Why do we use copy and swap when using assignment operator?

Question

I have a question about assignment operator when using copy-and-swap method.

String & operator = (String s) // the pass-by-value parameter serves as a temporary
{
   s.swap (*this); // Non-throwing swap
   return *this;
}// Old resources released when destructor of s is called.

Let's suppose we have a good copy constructor which deep-copy all the pointers and dynamic allocated variables.

Then, what's the difference between above code and below code?

String & operator = (String s) // the pass-by-value parameter serves as a temporary
{
   return s;
}

Since, we have a good copy constructor, I think another object, s, is created inside the operator= function. So, what's the point of using non-throwing swap function?

Answer 1

The main difference is that the 2nd operator= doesn't change the current object (ie *this ) at all.

String a, b;
b = a; // b is not changed at all

And note the 2nd operator= is returning s (which will be destroyed when get out of the function) by reference, so it'll be just a dangled reference.

---

To be more general, we use copy & swap idiom to provide strong exception safety guarantee, which is something like commit-or-rollback semantics; If an operation terminates because of an exception, program state will remain unchanged.

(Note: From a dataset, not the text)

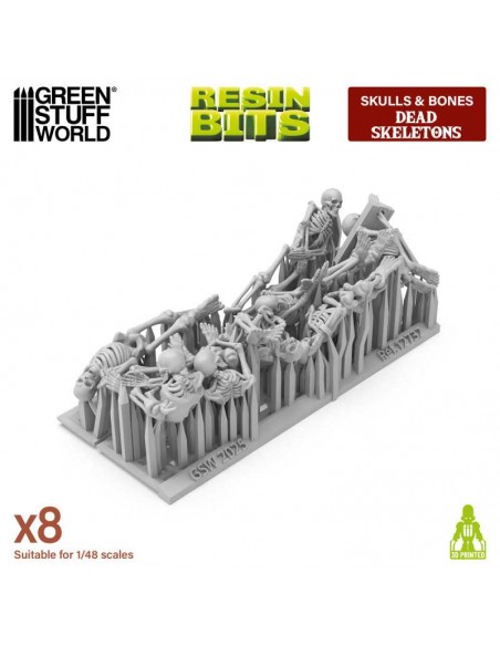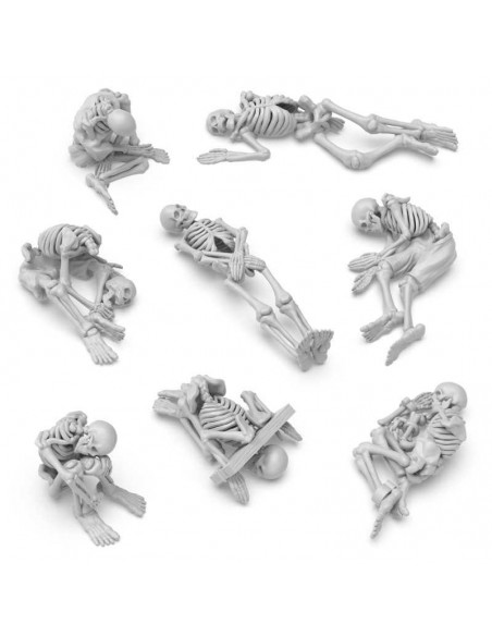 Dai un nuovo livello di realismo e drammaticità alle tue basi per miniature, diorami ed elementi scenografici con il nostro set di scheletri umani completi in resina di alta qualità, progettato per aggiungere tensione, narrativa e atmosfera a qualsiasi scenario. Questo set include scheletri in diverse posizioni e senza elementi che li limitino a un'epoca o a un universo specifico, il che li rende totalmente versatili. Grazie al loro livello di dettaglio, sono perfetti sia per dungeon fantasy medievali, scenari post-apocalittici o futuristici, sia per campi di battaglia storici o scene horror.

String & operator = (String s) // Copy construct s. If exception happens here, 
                               // s won't be constructed, 
                               // and the state of the current object (*this) won't be changed
{
   s.swap (*this);             // Use non-throwing swap to commit the change
   return *this;               // Non-throwing operation
}

Answer 2

区别在于，在第二个代码块中，您将创建String对象的副本s ，返回对其的引用，然后该副本在作用域出口处被破坏，这将导致程序具有未定义的行为。

Answer 3

There are several main differences:

An assignment operator should return *this (and almost always does). This is what makes chaining assignments possible.

String s1, s2, s3;
s1 = s2 = s3; // Now all strings ave the same value.

Instead, you return a reference to a local variable. It then becomes a dangling reference, since it doesn't point to a valid memory location.

Also, the assignment operator must change the assigned object, which doesn't happen in your code.

And finally, why do we need the non-throwing swap at all? Let's assume your assignment operator throws an exception. What is the state of the assigned object after the failed assignment?

Some implementations might cause the object to be in an invalid state, since the exception was thrown in the middle of changing it.

This is where the swap comes in. Since, the swap never throws, we can be sure the assigned object is in a valid state. If an exception is thrown before the swap, the object still has its old value, and if it was after the swap, the object has its new value.